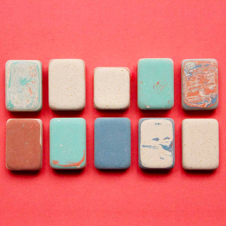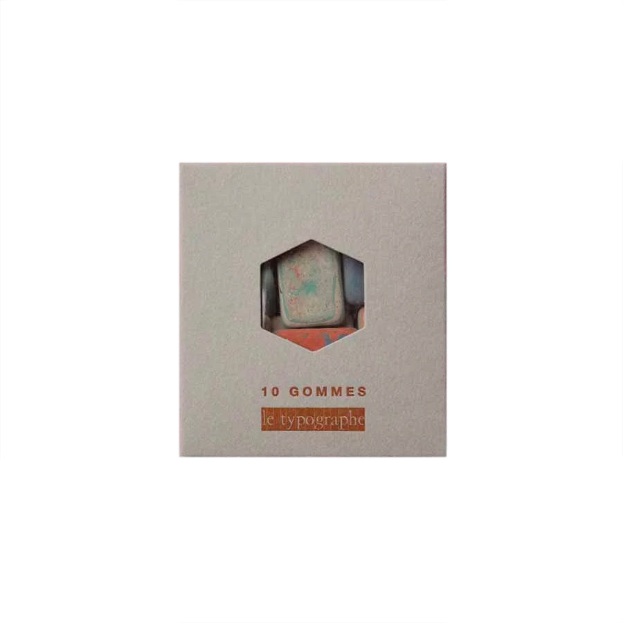 Découvrez ce lot de 10 mini gommes de la marque belge Le Typographe. Avec ce paquet, gommez et recommencez à l'infini ! Ces petites gommes ressemblant à de petits galets réussiront à embellir votre bureau.
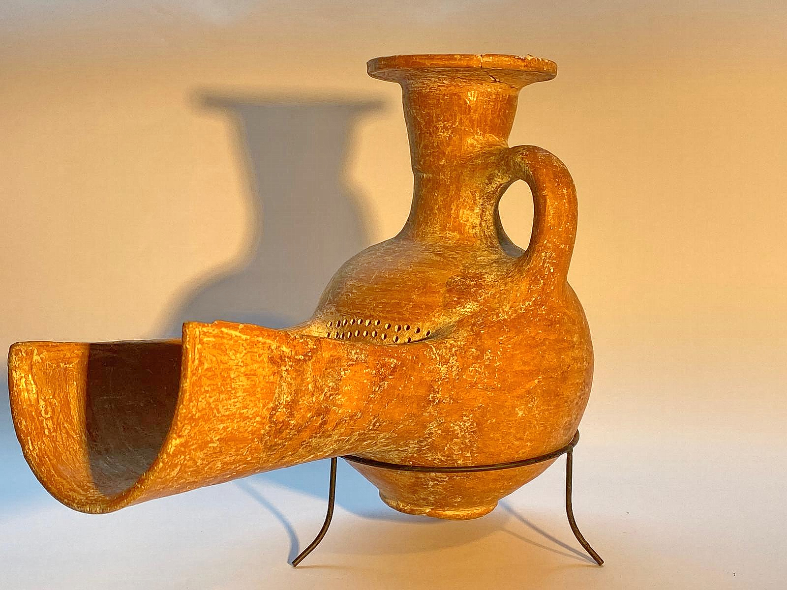 פך עם חדק ארוך ומסננת, מחופה אדום. תקופת הברזל 2
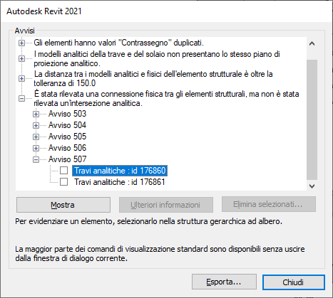 Avviso di esempio: elemento analitico senza i parametri di struttura

-- -- --

# What the task asks:
The response has to be an exact copy of all the data, pictures excluded.

# Result below:
 Découvrez ce lot de 10 mini gommes de la marque belge Le Typographe. Avec ce paquet, gommez et recommencez à l'infini ! Ces petites gommes ressemblant à de petits galets réussiront à embellir votre bureau.
 פך עם חדק ארוך ומסננת, מחופה אדום. תקופת הברזל 2
 Avviso di esempio: elemento analitico senza i parametri di struttura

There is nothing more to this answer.